The LLM generates a step-by-step answer. Set `skip_text_only=True` in `RejectSamplingPipeline` to process only VQA items (questions containing images); set to `False` to process all items. Generated answer stored in `generated_cot`.

**2. Thinking Cleanup**

Strips `<think>...</think>` content from the generated answer to reduce verification cost. The cleaned answer is stored in `llm_short_answer`. Assumes the model outputs `<think>THINK</think>ANSWER` or `THINK</think>ANSWER`.

**3. Answer Verification** (`BenchDatasetEvaluatorQuestion`)

Compares `llm_short_answer` against the ground truth `answer` using semantic LLM evaluation (with 5% numerical tolerance). Items that pass are marked `answer_match_result = True` and skipped in subsequent rounds.

Set `support_subquestions=True` to evaluate each sub-question independently; `answer_match_result` is `False` if any sub-question is wrong.
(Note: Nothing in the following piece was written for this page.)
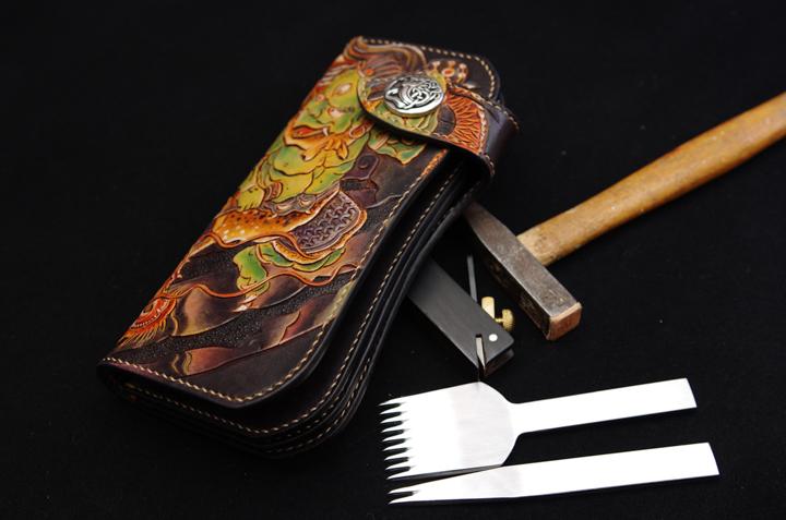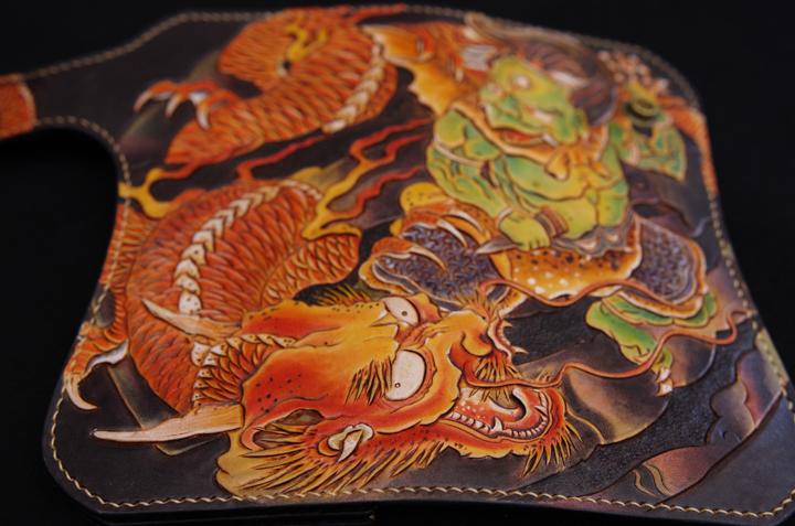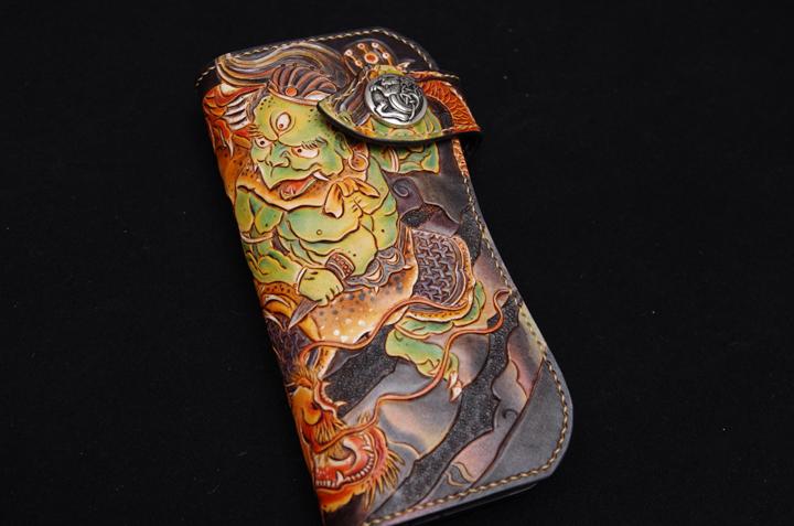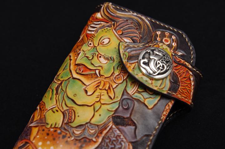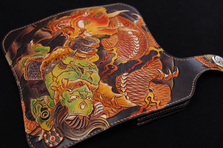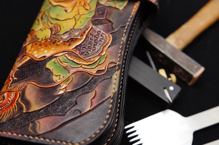 Design: Handmade Leather Tooled Thunder God Mens Chain Biker Wallet Cool Leather Wallet With Chain Wallets for Men

Evaluation statistics (overall accuracy, sub-question accuracy) are saved to `./cot_cache/eval_results.jsonl`:

```json
{
  "total_samples": 23584,
  "matched_samples": 12281,
  "accuracy": 0.521,
  "total_subquestions": 26380,
  "correct_subquestions": 13807,
  "subquestion_accuracy": 0.523
}
```

</details>

---

## Examples

Sample PDFs and input JSONL are provided in `examples/VQA/`:

```
examples/VQA/
β”œβ”€β”€ vqa_extract_test.jsonl    # Example input for Stage 1
β”œβ”€β”€ questionextract_test.pdf  # Single PDF with interleaved Q&A
β”œβ”€β”€ math_question.pdf         # Questions PDF (for separated Q&A demo)
└── math_answer.pdf           # Answers PDF (for separated Q&A demo)
```

To run the full pipeline on the examples:

```bash
# Stage 1: Extract
python -m pipelines.vqa_extract_optimized_pipeline \
    --input_file ./examples/VQA/vqa_extract_test.jsonl \
    --output_dir ./output \
    --api_url https://generativelanguage.googleapis.com/v1beta/openai/ \
    --model gemini-2.5-pro

# Stage 2: Curate
python -m pipelines.curate_data \
    --input_file ./output/raw_vqa.jsonl \
    --api_url https://api.openai.com/v1 \
    --model gpt-5-mini

# Stage 3: Generate CoT
# Example: self-hosted Qwen3-VL for answers, OpenAI for judging
export VLLM_API_KEY="token-xxxx"   # or leave empty if your vLLM server needs no key
export DF_API_KEY="sk-xxxx"

python -m pipelines.generate_cot \
    --input_file ./output/curated_vqa.jsonl \
    --max_retries 5 \
    --answer_api_url https://your-vllm-server/v1 \
    --answer_model qwen3-vl-235b-thinking \
    --answer_api_key_env VLLM_API_KEY \
    --judge_api_url https://api.openai.com/v1 \
    --judge_model gpt-5-mini \
    --judge_api_key_env DF_API_KEY
```

## Note
The implementation in this repository is only for running a demo at small scale. If you wish to run the pipeline on large number of books, you will probably need features [Checkpoint Resume](https://opendcai.github.io/DataFlow-Doc/en/guide/resume/) and [Batched Inference](https://opendcai.github.io/DataFlow-Doc/en/guide/batch/).

## License

This project is licensed under the [Apache License 2.0](LICENSE).